[INSTRUCTIONS TO FOLLOW]
Where the entries below show "細かいプリーツ加工が施された、伸縮性のある素材感のワイドパンツです。", begin there and print that line and all following lines exactly, through the last, omitting pictures.

*** Opening of SOURCE MATERIAL ***

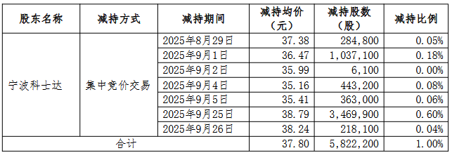 中国经济网络北京,9月29日,卡斯卡(002518.SZ)最近透露,“向1%的整数宣布了减少股东股票的1%多个股票和减少股东的实施。”据该公告称,该公司透露了“公开宣布的公告,共享股东共享“股东股票”在Juchao信息网络上于2025年7月10日。股东公司Ningbo Koshida Venture资本伙伴关系的控制权控制(有限的Partership)(有限的Partership)(有限的Partership)(有限的Partership)(有限的Partership)(有限的Partership)共张股票(Partership)(有限的Partership)(降低了Partership)的共股(Partership)共张股票(Partership)的股票销售(有限的Partership)。在公告披露日期后三个月,通过阻止或集中交易交易的5,822,该交易占公司共享总资本的1%。2025年,该公司收到了一份通知,从8月29日至2025年9月26日控制股东Ningbo Costda,Ningbo Costda通过集中交易将其持有人降低到公司的5,822,200份额,提供了公司总资本的1%。该减少计划已实施。基于减少期间平均股价为37.80元,兑现总额约为220,079,160元。经过这种股权变化后,股东的股票总数和该公司的联合行为者从357,291,610股减至351,469,410股,而处理率从61.37%降至60.37%,提高了1%。减少股份的来源是公司在首次公开报价和公司资本储量增加的公司储量增加之前持有的股份。该减少计划的实施将不会导致公司控制和WI的变化LL对公司的持续运营没有重大影响。
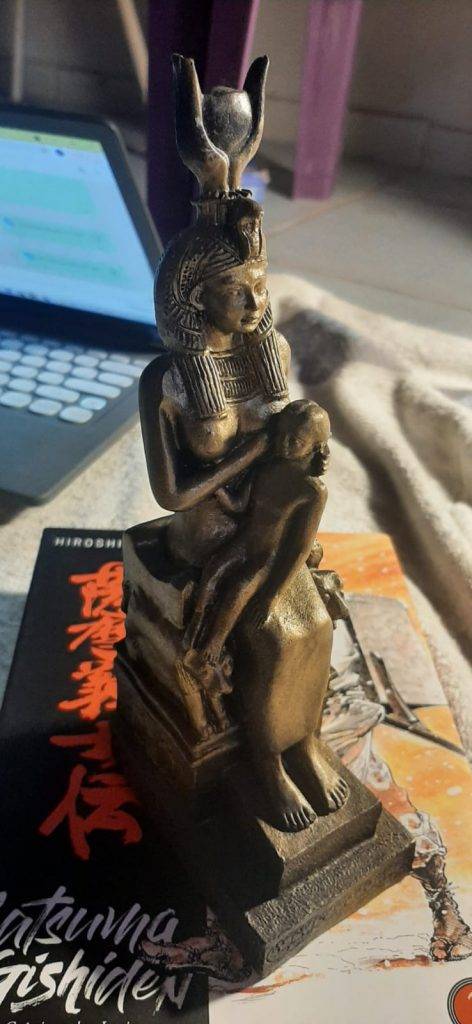 E o que fazemos com recém nascidos? Cuidamos, nutrimos. Aqui entra a imagem pagã, também copiada pelo cristianismo, da eterna criança simbólica que podemos ser, depois de morrer. Somos Hórus, no colo da feiticeira Ísis, nossa mãe. Vocês conhecem essa imagem da mitologia egípcia, que muito influenciou em como os artistas renascentistas pintaram o natal cristão da Virgem e do menino Jesus?
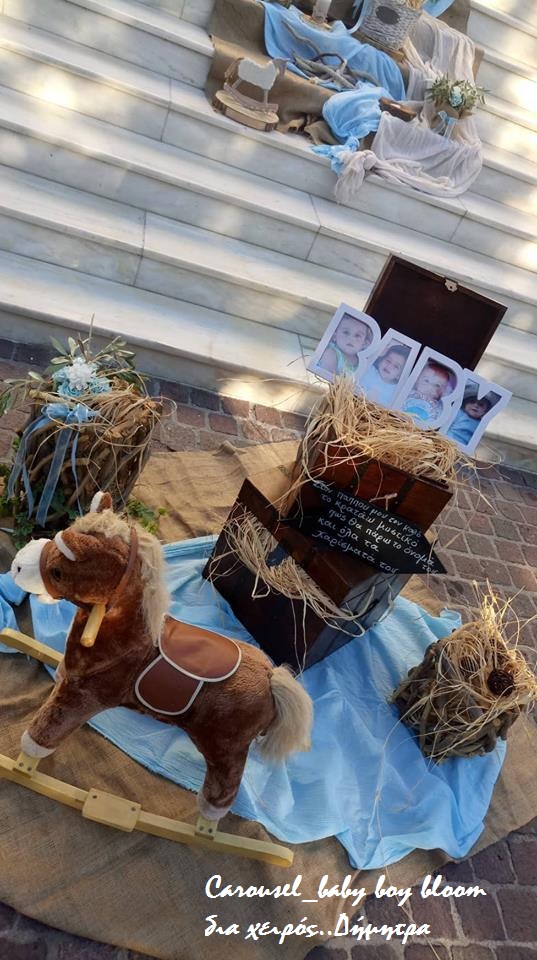 Ένας ρουστίκ και παιχνιδιάρικος στολισμός εκκλησίας, ιδανικός για βάπτιση όπου κυριαρχεί το αλογάκι Carousel.
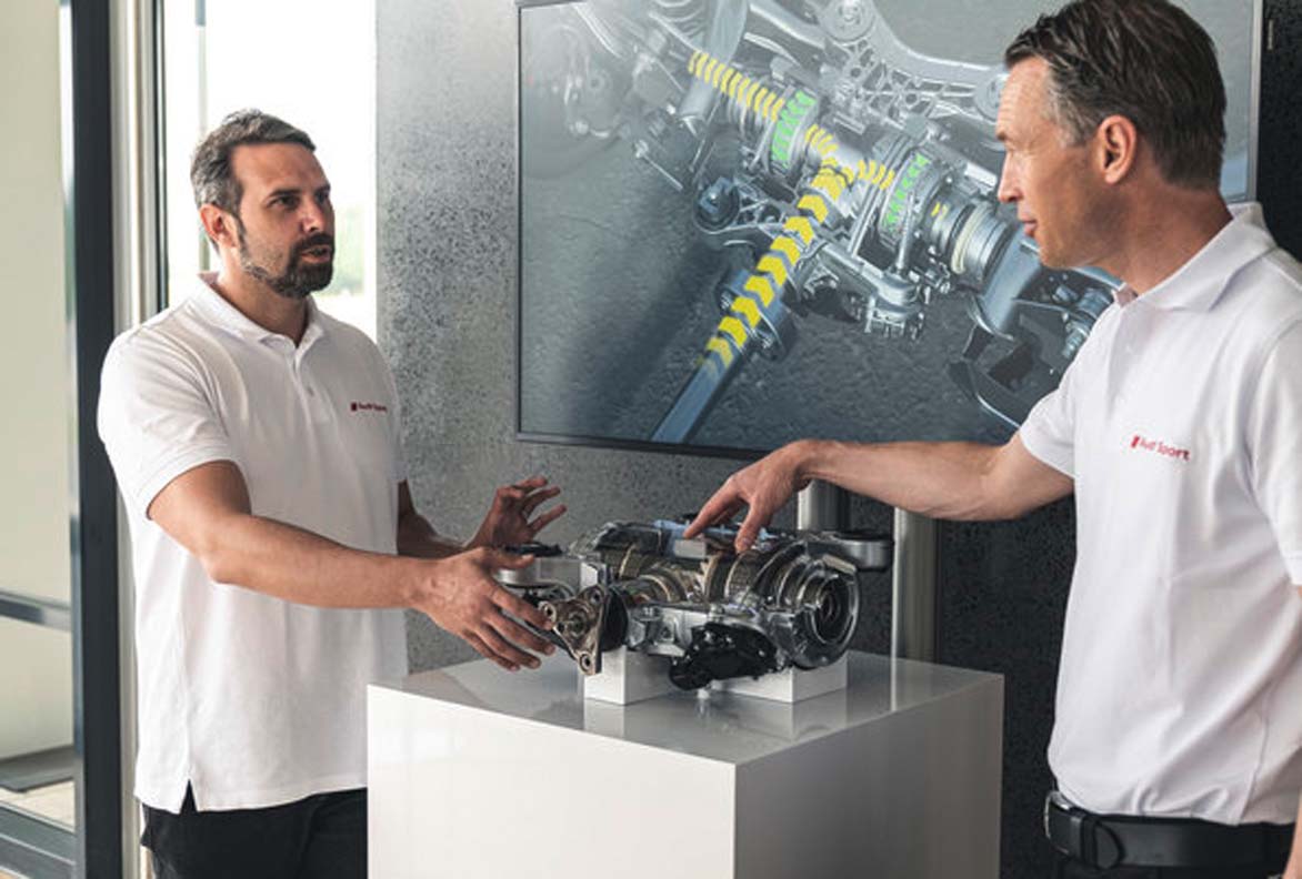 Frank Stippler: In general, the car is much more agile in its driving from the middle of the curve to the end and also when accelerating out of the curve. All-wheel drive cars have great tracking stability, but they tend to understeer at the very upper limits. We were looking for a solution that would minimize that behavior. The torque splitter distributes more weight onto the rear axle. With it, the car develops a driving dynamic that oversteers. And that’s where the Audi drive select system comes in, which helps meter that tendency based on use, road conditions and individual preferences. We can get really fast in RS Performance mode, the mode for circuit driving that is designed especially for semi-slick tires. For me, the RS torque splitter is a quantum leap in terms of agile driving.
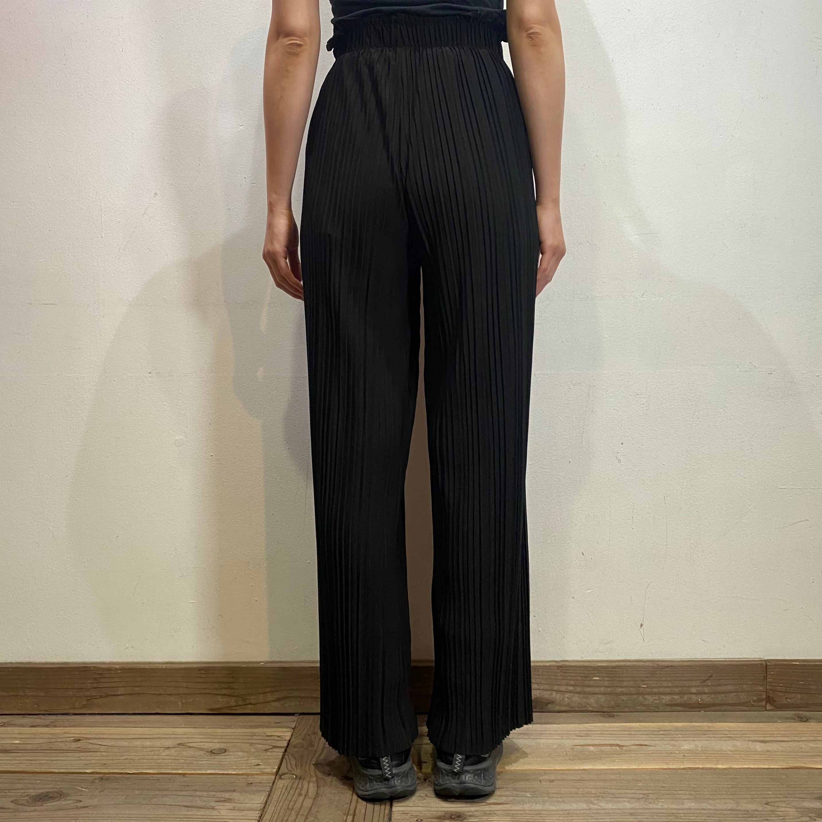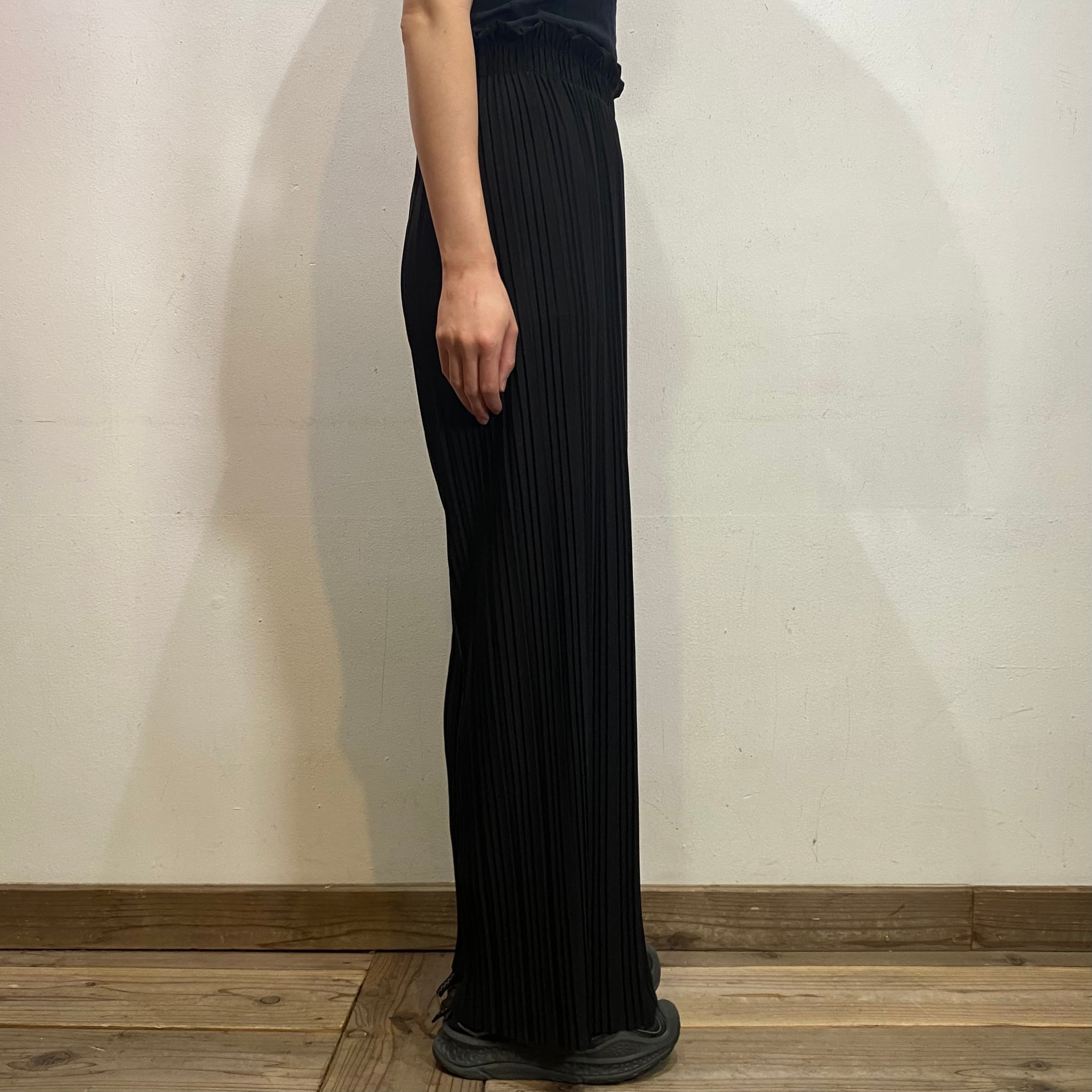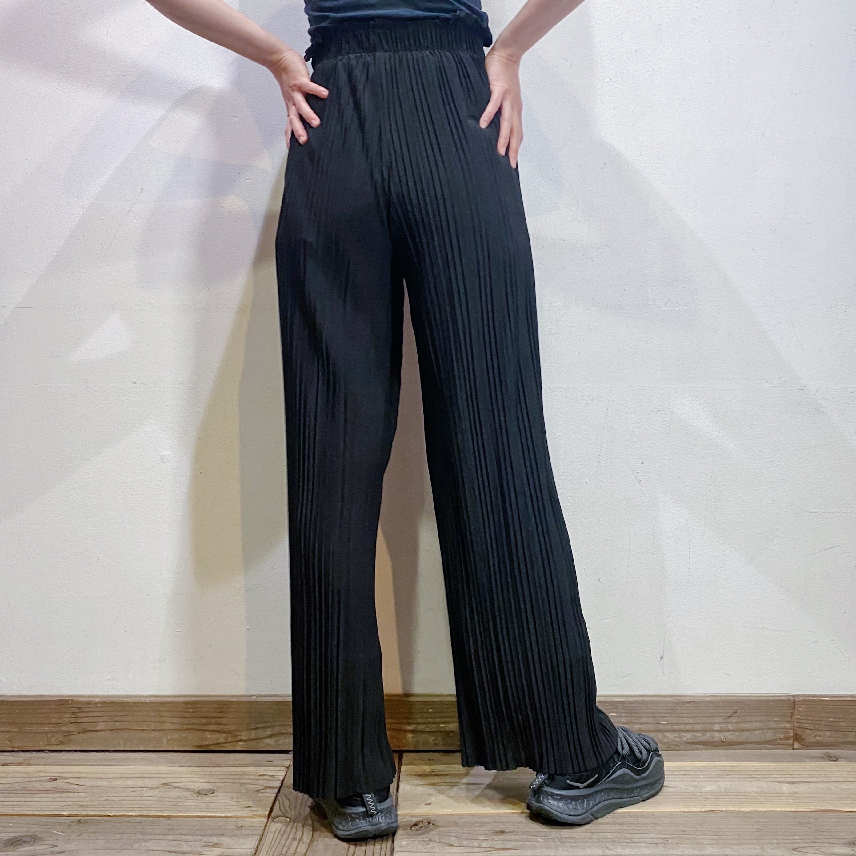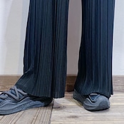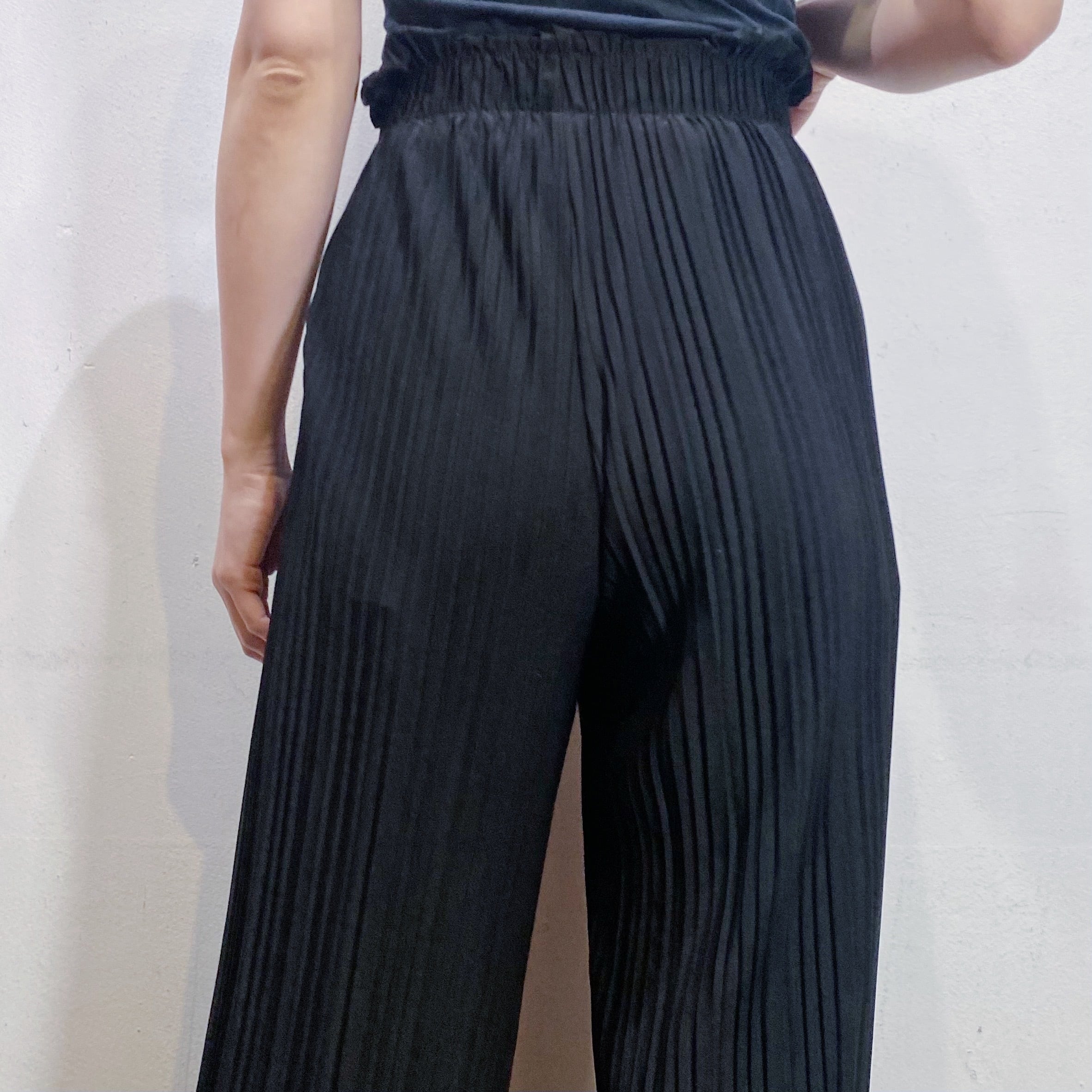 細かいプリーツ加工が施された、伸縮性のある素材感のワイドパンツです。
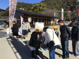 2月19日は暖かな気候の中で、今年度最後のひまわり活動を行うことができました。「東日本大震災について」「阪神淡路大震災について」「愛の歌について」それぞれのひまわりに込められた意味や思いを、多く学んだ今年度。学んだ意味や思いを多くの人に広めたいと、川原町と岐阜公園、岐阜城楽市ではひまわりの種を配りました。
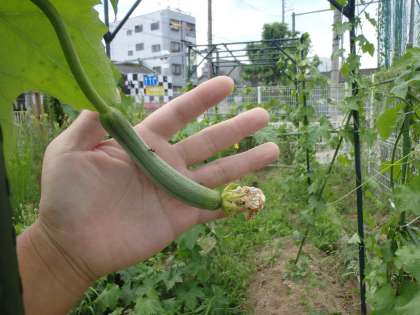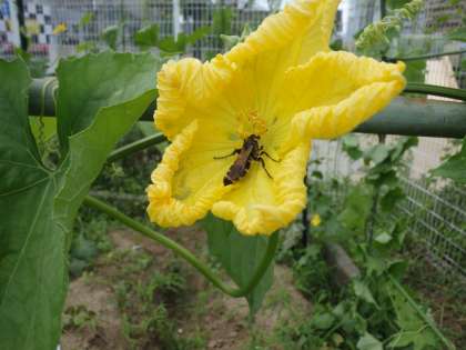 昆虫たちのおかげで学習園のヘチマにも小さな実ができていました。

*** Close of SOURCE MATERIAL ***

[EXPECTED ANSWER]
 細かいプリーツ加工が施された、伸縮性のある素材感のワイドパンツです。
 2月19日は暖かな気候の中で、今年度最後のひまわり活動を行うことができました。「東日本大震災について」「阪神淡路大震災について」「愛の歌について」それぞれのひまわりに込められた意味や思いを、多く学んだ今年度。学んだ意味や思いを多くの人に広めたいと、川原町と岐阜公園、岐阜城楽市ではひまわりの種を配りました。
 昆虫たちのおかげで学習園のヘチマにも小さな実ができていました。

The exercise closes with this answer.